Task statement: All the lines below need to be transcribed exactly. Pictures get left out.

*** Provided material ***

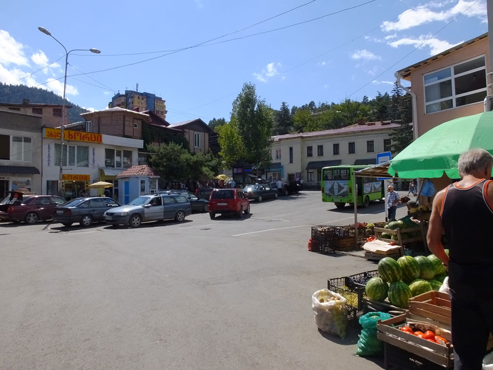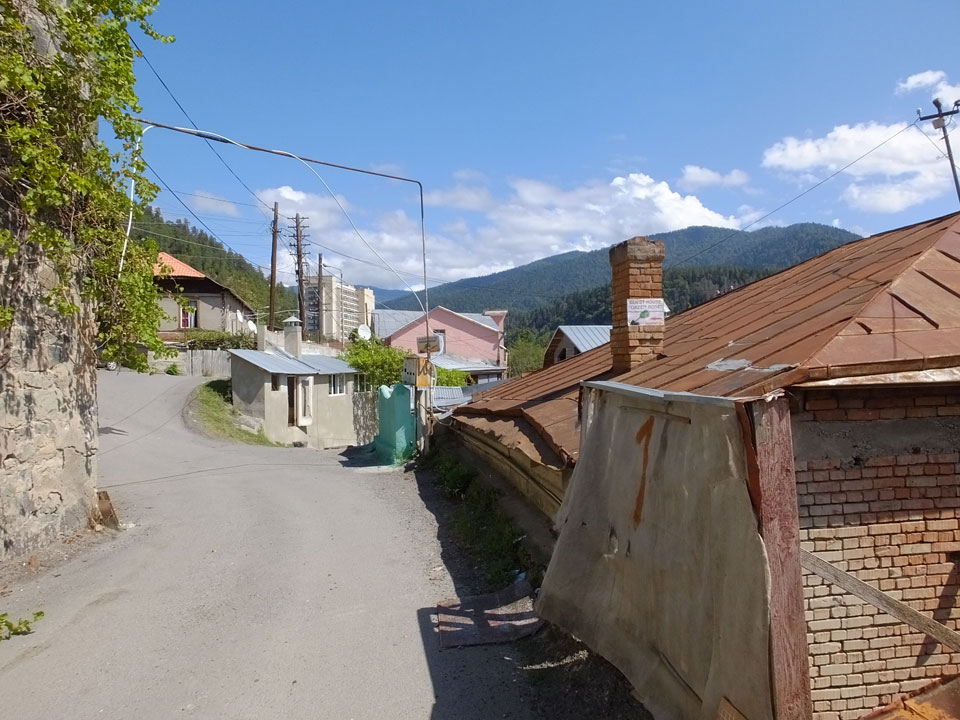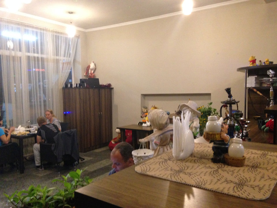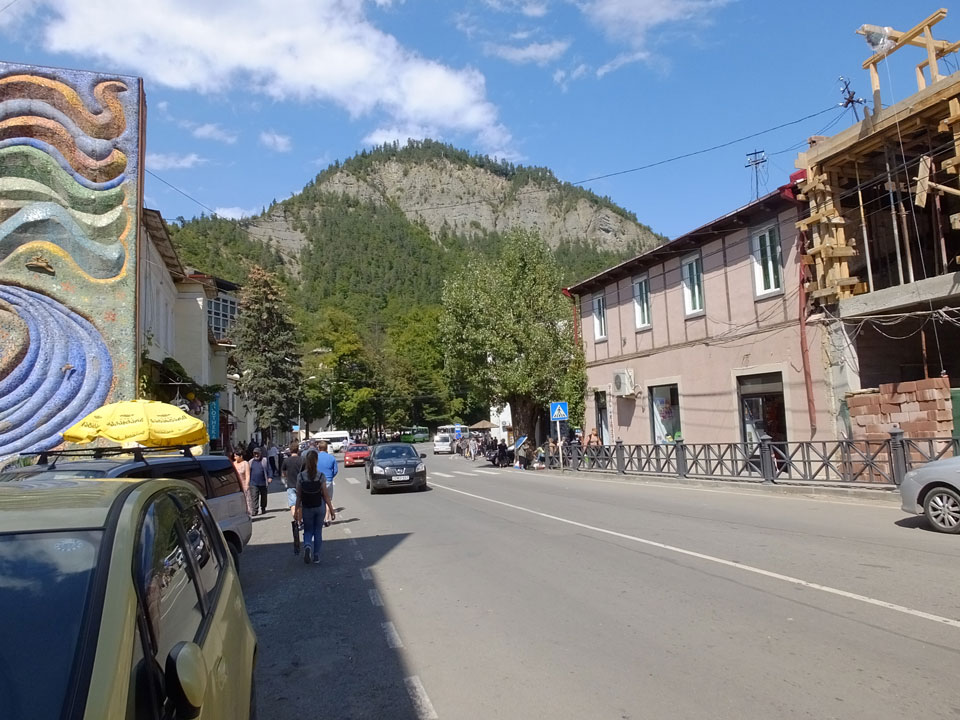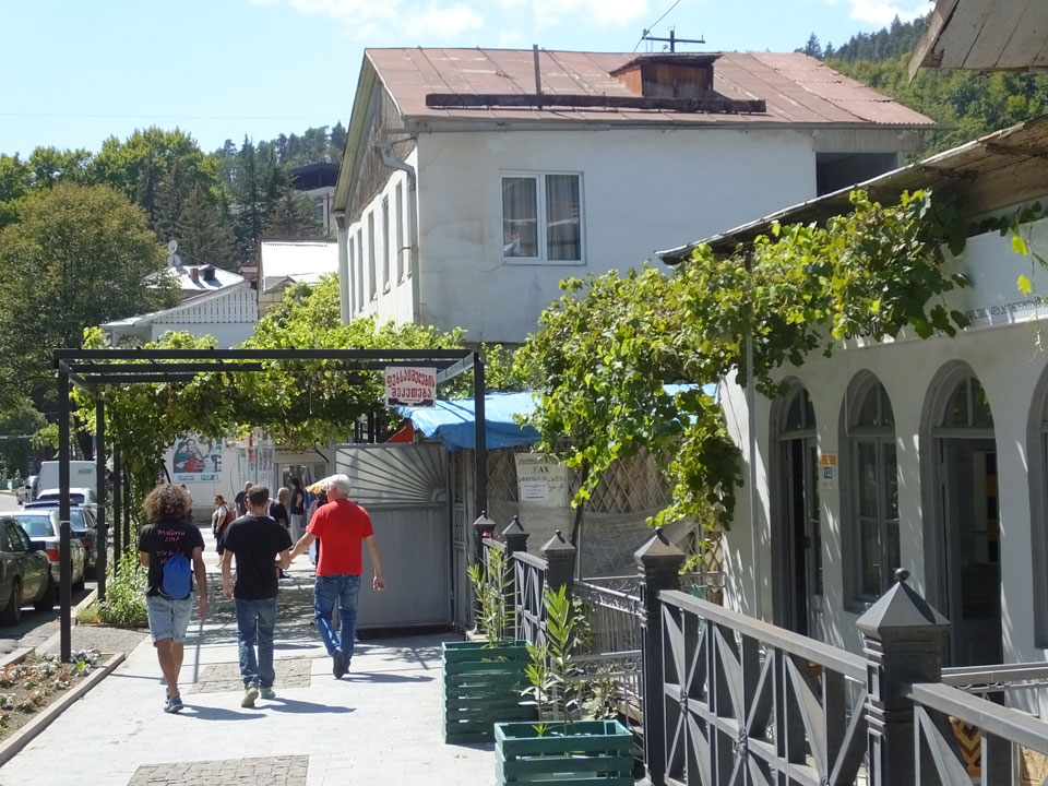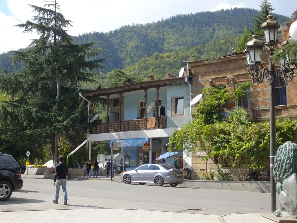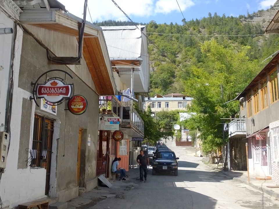 Um 9 runter was essen. Das „Bergi“ Restaurant ist gleich den Weg runter an der Ecke. War ein gutes Abendessen mit musikalischer Untermalung aus der zweiten Etage. Einige Russen hier, wohl eines der beliebtesten Orte. Einer fing an Pfeife zu rauchen, haha – „Stalin“ lachte der Kellner. Seine Freundin eher „Sherlock Holmes“. Stalin wurde in der Nähe von hier, in Gori geboren – liegt auch dem Weg nach Tbilisi.
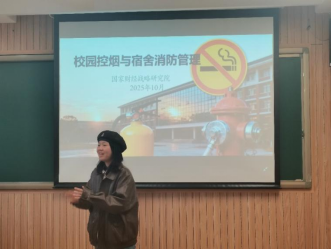 2025年10月28日,研究生会面向2025级研究生新生组织了“校园控烟与宿舍消防管理”主题宣讲会。研会主席何佳同学结合真实的数据和案例,从医学角度分析了烟草及电子烟对呼吸系统、心血管功能的危害。她重点讲解了在宿舍等人员密集场所吸烟带来的消防安全隐患,并指出“严禁在宿舍内吸烟、使用明火”是宿舍消防红线。她还向大家普及了实用消防知识,包括灭火器的操作方法、火灾初期逃生路线规划、违规电器识别标准等,强调了遵守宿舍管理规定的重要性。宣讲会后,研究生会组建了宣传小分队,深入高年级学长学姐的宿舍进行控烟宣传。
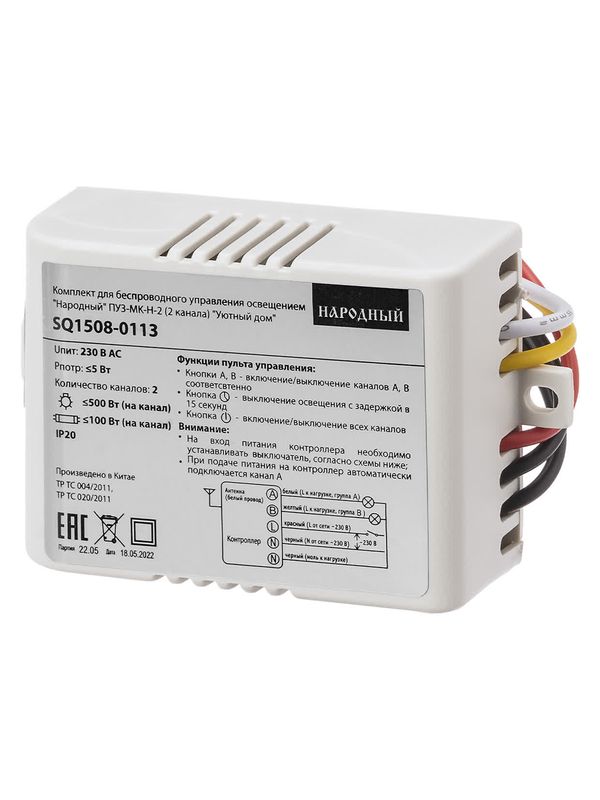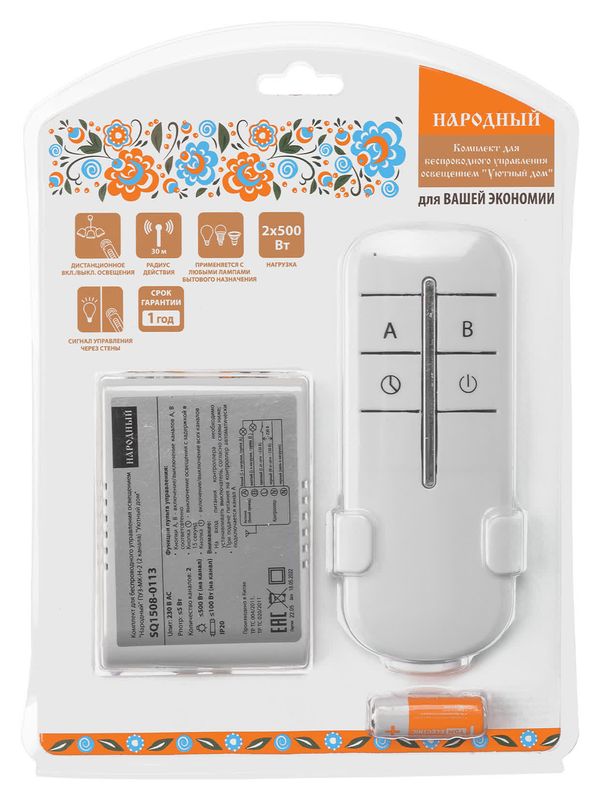 / Комплект для беспроводного управления освещением «Народный» ПУ3-МK-Н-2 (2 канала) «Уютный дом»
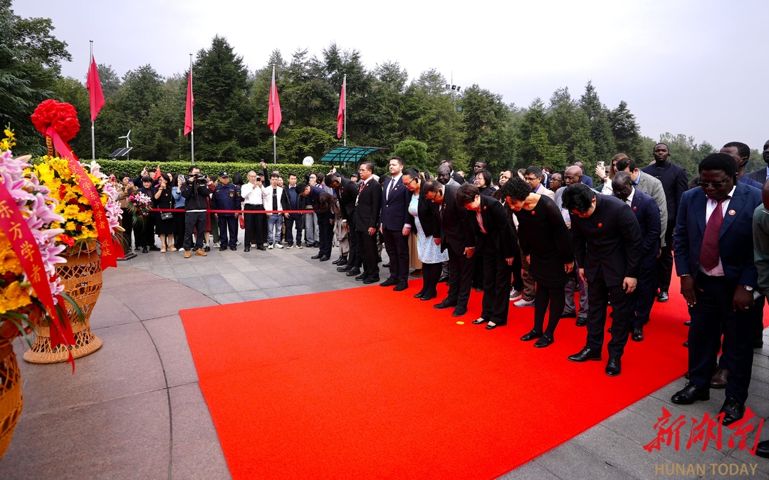 在韶山,代表团参观了毛泽东同志故居,4位国际友人代表敬献了花篮。湖南日报全媒体记者 童臻熙 摄

*** End of Provided material ***

Exercise result:
 Um 9 runter was essen. Das „Bergi“ Restaurant ist gleich den Weg runter an der Ecke. War ein gutes Abendessen mit musikalischer Untermalung aus der zweiten Etage. Einige Russen hier, wohl eines der beliebtesten Orte. Einer fing an Pfeife zu rauchen, haha – „Stalin“ lachte der Kellner. Seine Freundin eher „Sherlock Holmes“. Stalin wurde in der Nähe von hier, in Gori geboren – liegt auch dem Weg nach Tbilisi.
 2025年10月28日,研究生会面向2025级研究生新生组织了“校园控烟与宿舍消防管理”主题宣讲会。研会主席何佳同学结合真实的数据和案例,从医学角度分析了烟草及电子烟对呼吸系统、心血管功能的危害。她重点讲解了在宿舍等人员密集场所吸烟带来的消防安全隐患,并指出“严禁在宿舍内吸烟、使用明火”是宿舍消防红线。她还向大家普及了实用消防知识,包括灭火器的操作方法、火灾初期逃生路线规划、违规电器识别标准等,强调了遵守宿舍管理规定的重要性。宣讲会后,研究生会组建了宣传小分队,深入高年级学长学姐的宿舍进行控烟宣传。
 / Комплект для беспроводного управления освещением «Народный» ПУ3-МK-Н-2 (2 канала) «Уютный дом»
 在韶山,代表团参观了毛泽东同志故居,4位国际友人代表敬献了花篮。湖南日报全媒体记者 童臻熙 摄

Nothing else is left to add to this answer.